• [Work to be completed]
In the listing beneath this line, copy exactly the lines starting with the one containing "Детский розовый плед" and going on through the one containing "Details: Black and".

• [Provided data]

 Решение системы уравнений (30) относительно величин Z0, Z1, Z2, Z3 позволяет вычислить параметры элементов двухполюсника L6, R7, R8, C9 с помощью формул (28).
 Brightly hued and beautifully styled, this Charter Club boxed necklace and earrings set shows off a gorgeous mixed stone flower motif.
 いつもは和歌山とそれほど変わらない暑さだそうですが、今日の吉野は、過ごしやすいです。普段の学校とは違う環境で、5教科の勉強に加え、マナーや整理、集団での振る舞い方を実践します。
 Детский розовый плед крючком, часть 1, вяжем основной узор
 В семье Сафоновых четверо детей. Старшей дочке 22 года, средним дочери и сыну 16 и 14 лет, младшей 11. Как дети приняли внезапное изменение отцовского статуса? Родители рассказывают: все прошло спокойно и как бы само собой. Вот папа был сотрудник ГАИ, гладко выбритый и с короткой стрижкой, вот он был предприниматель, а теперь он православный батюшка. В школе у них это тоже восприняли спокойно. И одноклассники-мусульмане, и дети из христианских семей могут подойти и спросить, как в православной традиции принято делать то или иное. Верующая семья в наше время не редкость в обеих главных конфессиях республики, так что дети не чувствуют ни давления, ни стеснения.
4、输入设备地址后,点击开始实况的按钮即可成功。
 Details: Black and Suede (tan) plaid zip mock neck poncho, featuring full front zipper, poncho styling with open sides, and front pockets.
==
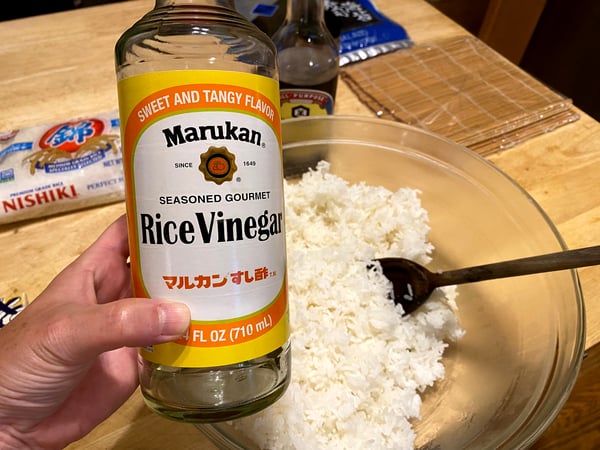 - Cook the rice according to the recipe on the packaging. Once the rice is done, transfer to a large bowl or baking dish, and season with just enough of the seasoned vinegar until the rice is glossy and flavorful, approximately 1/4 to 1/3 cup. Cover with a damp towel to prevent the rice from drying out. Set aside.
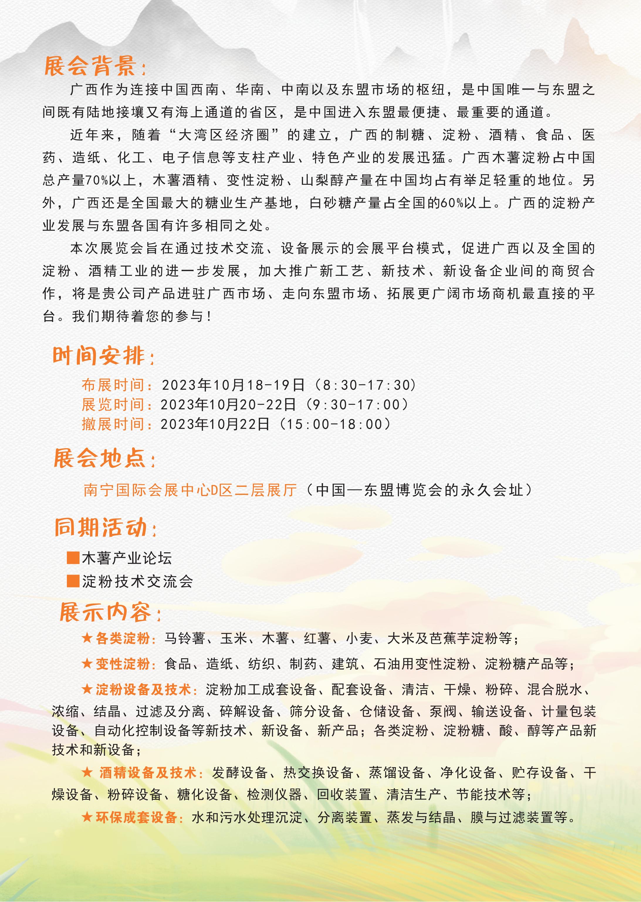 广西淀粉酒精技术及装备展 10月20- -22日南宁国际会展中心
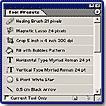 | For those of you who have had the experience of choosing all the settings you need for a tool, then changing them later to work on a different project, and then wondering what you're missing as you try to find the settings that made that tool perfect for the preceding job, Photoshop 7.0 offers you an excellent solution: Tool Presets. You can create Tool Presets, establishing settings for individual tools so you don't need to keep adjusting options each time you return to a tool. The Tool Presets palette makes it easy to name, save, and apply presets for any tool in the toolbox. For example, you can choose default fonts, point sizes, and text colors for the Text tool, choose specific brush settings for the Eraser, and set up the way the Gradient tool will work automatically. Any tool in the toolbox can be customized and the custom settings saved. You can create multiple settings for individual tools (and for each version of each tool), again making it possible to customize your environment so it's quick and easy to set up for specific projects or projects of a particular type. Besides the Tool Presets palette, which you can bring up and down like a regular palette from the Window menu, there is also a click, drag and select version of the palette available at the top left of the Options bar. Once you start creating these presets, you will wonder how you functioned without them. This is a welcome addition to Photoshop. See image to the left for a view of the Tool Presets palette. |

• [Result for this task]
 Детский розовый плед крючком, часть 1, вяжем основной узор
 В семье Сафоновых четверо детей. Старшей дочке 22 года, средним дочери и сыну 16 и 14 лет, младшей 11. Как дети приняли внезапное изменение отцовского статуса? Родители рассказывают: все прошло спокойно и как бы само собой. Вот папа был сотрудник ГАИ, гладко выбритый и с короткой стрижкой, вот он был предприниматель, а теперь он православный батюшка. В школе у них это тоже восприняли спокойно. И одноклассники-мусульмане, и дети из христианских семей могут подойти и спросить, как в православной традиции принято делать то или иное. Верующая семья в наше время не редкость в обеих главных конфессиях республики, так что дети не чувствуют ни давления, ни стеснения.
4、输入设备地址后,点击开始实况的按钮即可成功。
 Details: Black and Suede (tan) plaid zip mock neck poncho, featuring full front zipper, poncho styling with open sides, and front pockets.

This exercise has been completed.